Was mevrouw thuis, dan was het een heel ander verhaal. Dan moesten er drie maaltijden per dag worden geserveerd: een uitgebreid ontbijt, een warme lunch, tenzij het te warm was, dan mocht het een koude lunch zijn, en een diner dat uit minimaal drie gangen bestond en liefst nog eentje erbij. Tussendoor werden er dan nog kleine hapjes geserveerd bij de ochtendkoffie en de middagthee, plus iets te knabbelen bij een glaasje port of cognac voor het slapengaan. Dat had wel het voordeel dat er vaak iets overbleef, hetzij van het avondmaal, hetzij van de tussendoortjes, die dan met gretigheid door het overige personeel, Sophie voorop, werden afgenomen.
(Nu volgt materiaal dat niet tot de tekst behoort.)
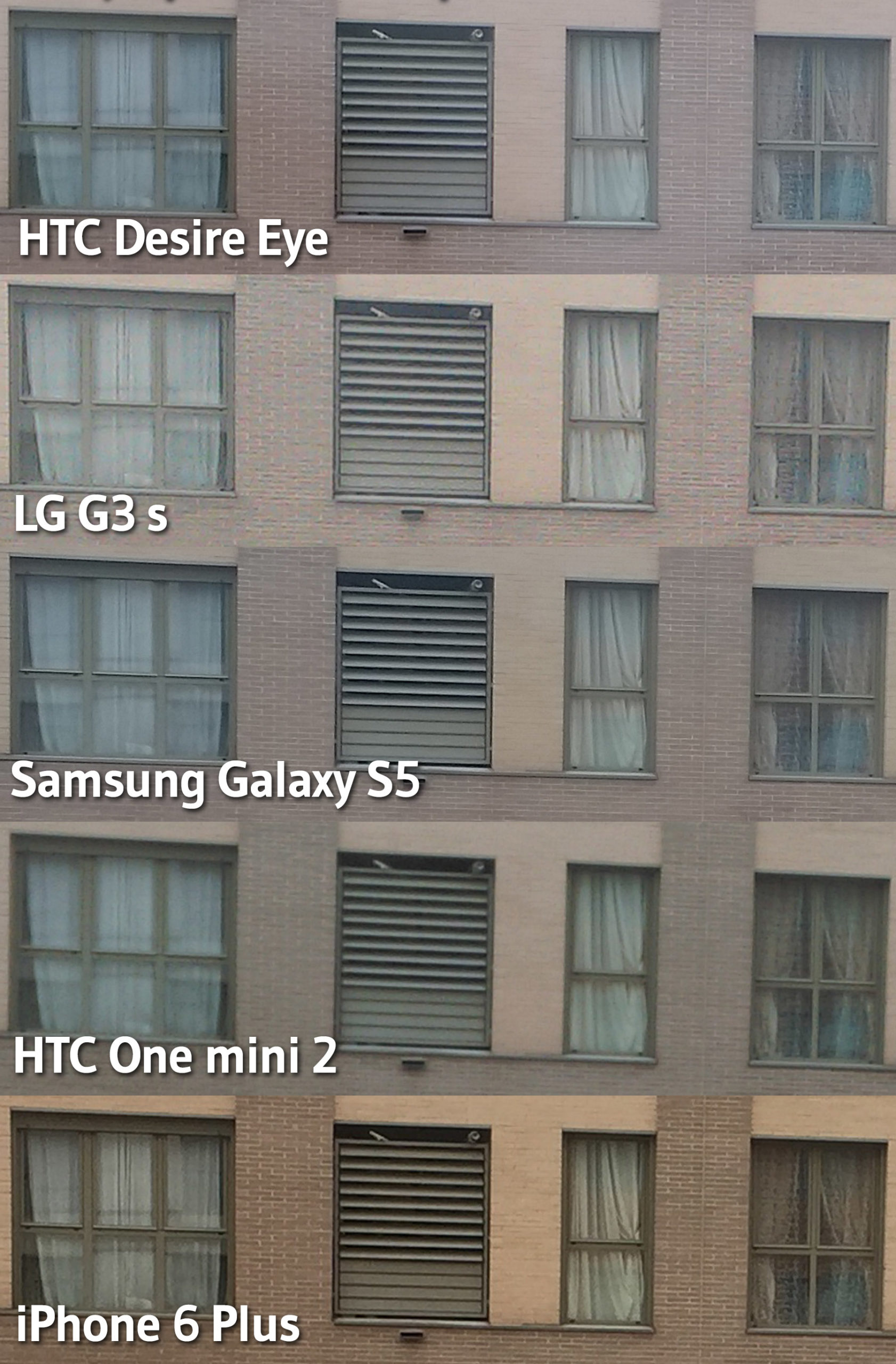 A continuación podemos ver una comparativa donde se aprecia dicha zona de la imagen capturada por distintos teléfonos. Es evidente que esa zona se ve mucho más borrosa en la captura del HTC Desire Eye que en la del resto de dispositivos, salvo en el HTC One mini 2 que también parece mostrar un problema similar.
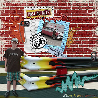 I scrapped some Route 66 pictures with Teen Angst, a kit by sherriejd . Perfect for the pictures from our vacation! We took the I40 and visited several towns on the original route 66.
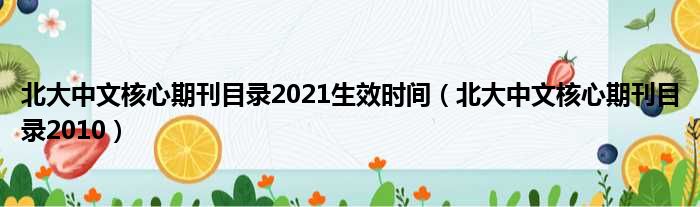 北大中文核心期刊目录2021生效时间(北大中文核心期刊目录2010)
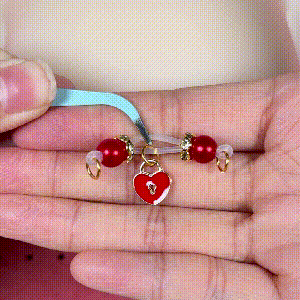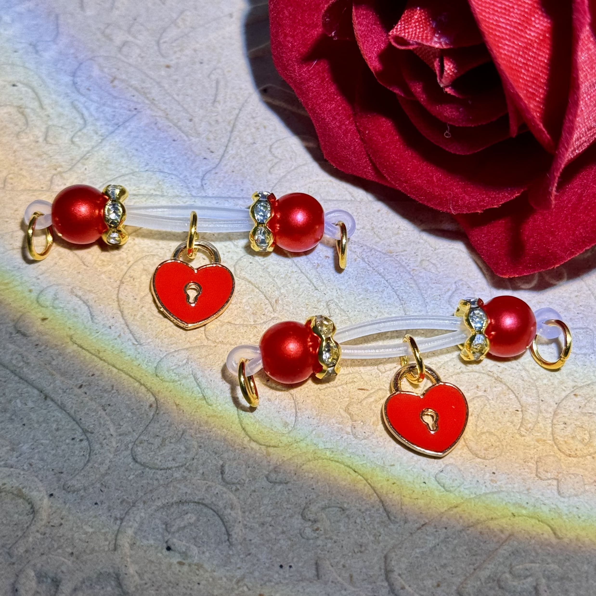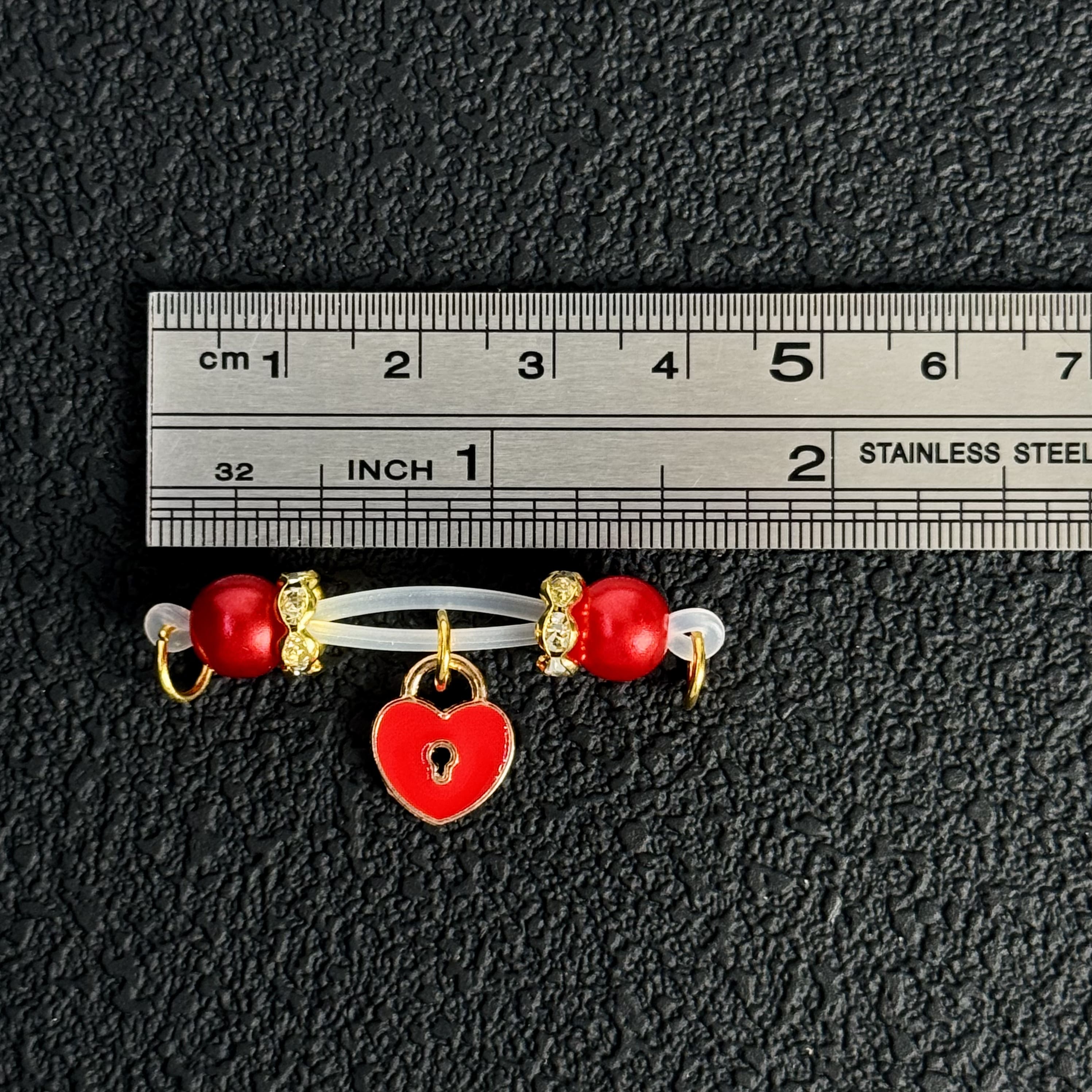 These opulent heart-lock nipple clamps feature smooth silicone bands, lustrous red beads, and a refined enamel charm, offering a gentle, snug hold for a luxuriously comfortable experience.

Helemaal bont maakte mevrouw het wanneer zij een dinertje gaf of een theekransje. Dan nam het aantal gangen navenant toe, rijkelijk besproeid door de daarbij geschikte wijnen en ander gedestilleerd. Bij de theepartijtjes werden allerlei kleine liflafjes geserveerd op diverse etagères, die steevast zeer in de smaak vielen bij de dames die de eer hadden uitgenodigd te zijn. Voornamelijk de echtgenotes van de notabelen uit het dorp, al was de echtgenote van rijksveldwachter Borst ook een graag geziene gast. Dit ondanks het feit dat rijksveldwachter Borst niet echt tot de notabelen van Vollenhoven gerekend kon worden. Mevrouw Borst daarentegen wist de andere dames altijd bijzonder te vermaken met haar verhalen over wat er allemaal in het dorp achter de diverse voordeuren gaande was.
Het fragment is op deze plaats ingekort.